We are currently working on an image recognition problem in which we try to recognize solar panels on roofs. Our dataset consists of aerial images of roofs, for each of which we have a label which indicates whether the roof contains a solar panel or not. This dataset was manually validated, so the noise on it should be minimal. The major difficulty that we are facing, however, is the class imbalance: roughly 1 out of 20 roofs contains a solar panel.
We are using the following datasets:
- (balanced) training set: 3150 positive, 3150 negative examples
- (balanced) validation set: 784 positive, 784 negative examples
- (unbalanced) test set: 138 positive, 2862 negative examples
These are our results on the test set:
Pred No-Panel | Pred Panel | Precision | |
---|---|---|---|
Actual No-Panel | 2615 | 247 | 91.37% |
Actual Panel | 15 | 122 | 89.05% |
Recall | 99.43% | 33.06% | Total acc: 91.26% |
Although these results certainly are not bad, the recall for panel drops from 86% (validation error) to 33% (test error) due to the class imbalance.
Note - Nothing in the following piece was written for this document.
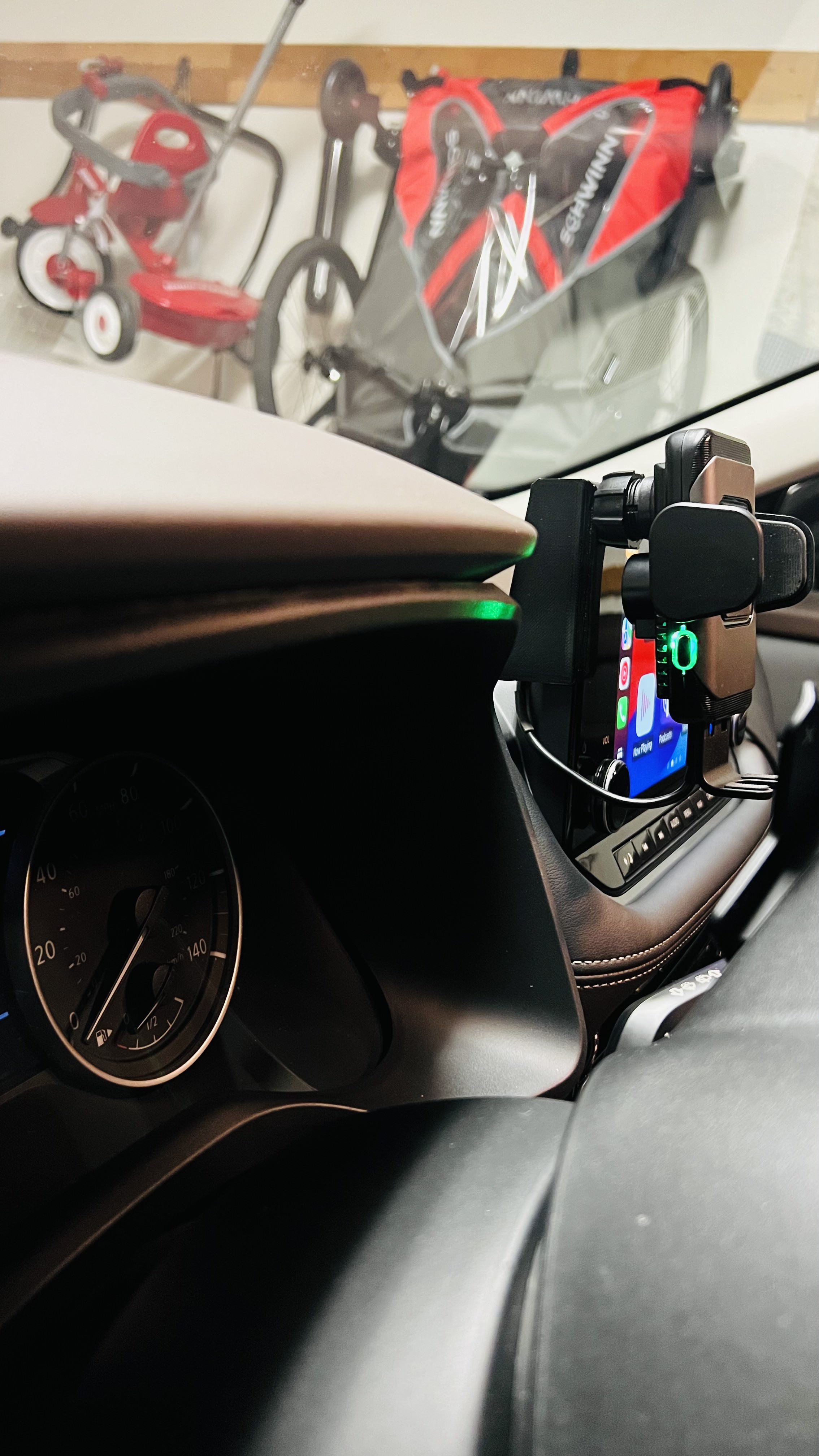 Tao mới đổi xe Nissan Rogue 2023 nè, đang kiếm cái đế để điện thoại xài. Cái bảng táp-lô da nó làm khó kiếm chỗ gắn đế điện thoại quá, còn mấy cái đế gắn kính thì nóng quá nó rớt hoài.

Is there any way to improve on that?
We have produced these results using a PyTorch model based on resnet18 with the following specification:
- Kaiming initialisation of the weights
- Freezing of all feature layers of resnet18, with the exception of batchnorm layers
- Custom classifier with the following specification:
- AdaptiveConcatPool2d(),
- Flatten(),
- nn.BatchNorm1d(n_feat),
- nn.Dropout(dropout/2),
- nn.Linear(n_feat, n_filter),
- nn.ReLU(inplace=True)
- nn.BatchNorm1d(n_filter),
- nn.Dropout(dropout),
- nn.Linear(n_filter, n_class)
Initially, we trained this model with AdamW and cross entropy loss resulting in the outcome shown above. In order to improve this, we have tried a number of other strategies, but with no real changes in the results:
- Varying learning rates: after every X epochs we lower the learning rate
- Increase decrease of dropouts
- Use a proxy for AUC as loss function to optimize the AUC of the model, which should be more robust to class-imbalance (we added a batchnorm and softmax layer to the classifier as this metric requires probabilities). We used the Wilcoxon-Mann-Whitney U-Statistic as described here: https://blog.revolutionanalytics.com/2017/03/auc-meets-u-stat.html
We could also:
- Use Ensembles
- Implement test time augmentation
- Label more data
But we want to focus on optimizing the performance of a single model first. So the question remains: are there other known methods to deal with class imbalance that could help us achieve better results?